Luis González Palma
Poetic Abstraction
Exhibition
September 7 – October 26, 2019
Opening reception
Saturday, October 12, 2019, from 7:00 – 9:00pm
“For some years now I have been more interested in creating images than in taking photographs in the traditional sense of the word.”— Luis González Palma
Over the course of an accomplished, decades-long career, Guatemalan artist Luis González Palma has worked to distill the poetic from the photographic, altering and obscuring the formal tenets of the medium of photography while paying tribute to its profound historical and theoretical implications.
In September and October Lisa Sette Gallery will feature new works from González Palma’s three ongoing projects: MÖBIUS, in which romantic portraiture is met with the stark geometrical forms of modernism; KOAN, involving delicate and precise collages of early South American astronomical photographs, and HAIKU, a compositing of photographic scraps, geometric collage and digital manipulation that revels in the realm of pure abstraction. Each endeavor is underpinned by González Palma’s fascinating and deeply personal formulations connecting Central and South American history, philosophical schools, and cultural imagination.

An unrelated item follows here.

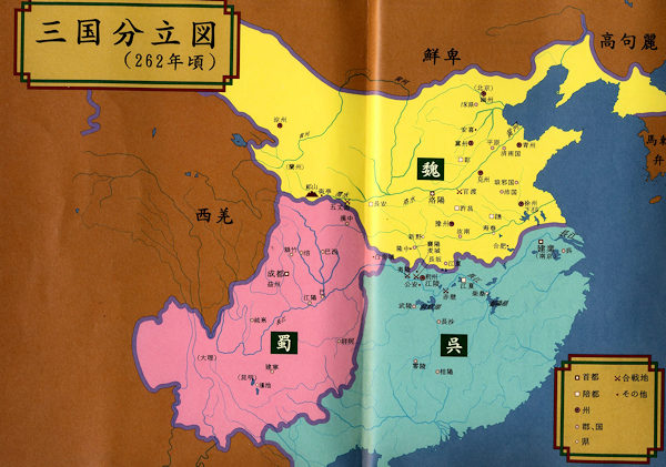 上の図は三国鼎立が成立したときの勢力図です。諸葛孔明の献策もあって、広大な中国を魏、呉と蜀が分け合う形になったわけです。蜀は都を成都に置き、今の四川省や雲南省方面を支配していたことになります。中国の気候・風土を知らない方は、蜀は山の中を支配しただけのように思えるかもしれませんが、実は成都を含め四川省という地域は海こそないものの、夏は暑すぎず冬も温暖で、天賦の地と言われるほど豊かな土地です。ですから、広さの面だけでなく豊かさの面でも三国鼎立が実現できる支配地域を持っていたわけです。 |

In MÖBIUS, González Palma speculatively joins Central American romantic aesthetic of 1930’s magical realism with the rationalist concretism that emerged in mid century South America. In doing so, the artist seeks “to generate a symbolic ‘conciliation’ between the two artistic currents, activating tensions and creating relationships between two ways of representing reality from diametrically opposed perspectives.” The result of this experiment is a series of breathtaking sepia portraits of native Guatemalans—their serene visages often flourished with roses, wings, and other iconic imagery—that are bisected or framed by abstract geometric shapes in an eerie, intimate interplay of intellect and emotion.
Argentina’s Astronomical Observatory of Córdoba captured some of the first images of outer space from the South American continent, and González Palma centers his KOAN photo collage series on these historic photographs of cosmic bodies and spectral rays. Framed in an intriguing architecture of dichromatic spaces, these nonlinear collages bring to mind the notion of parallax—the effect of distance and the passage of time on our perception of the universe. This body of work represents for the artist “a way to access a more complex and deep conscience, the search for a reality related to the void and the sacred space, creating images that represent meditative visual spaces, uncertain and loaded with a mysterious geography.”
González Palma’s most recently initiated HAIKU series comprises “drawings made from fragments, scraps, waste from scanned 19th-Century negatives and negatives that have been exposed to light, combined with geometric images made on the computer.” While the artist classifies these works as “post-photographic,” their restless repetitions of angle and frame, light and dark, and delightful, unexpected surface ambiguities, speak of a commitment to the photographic process as experiment, muse, and cultural conscience.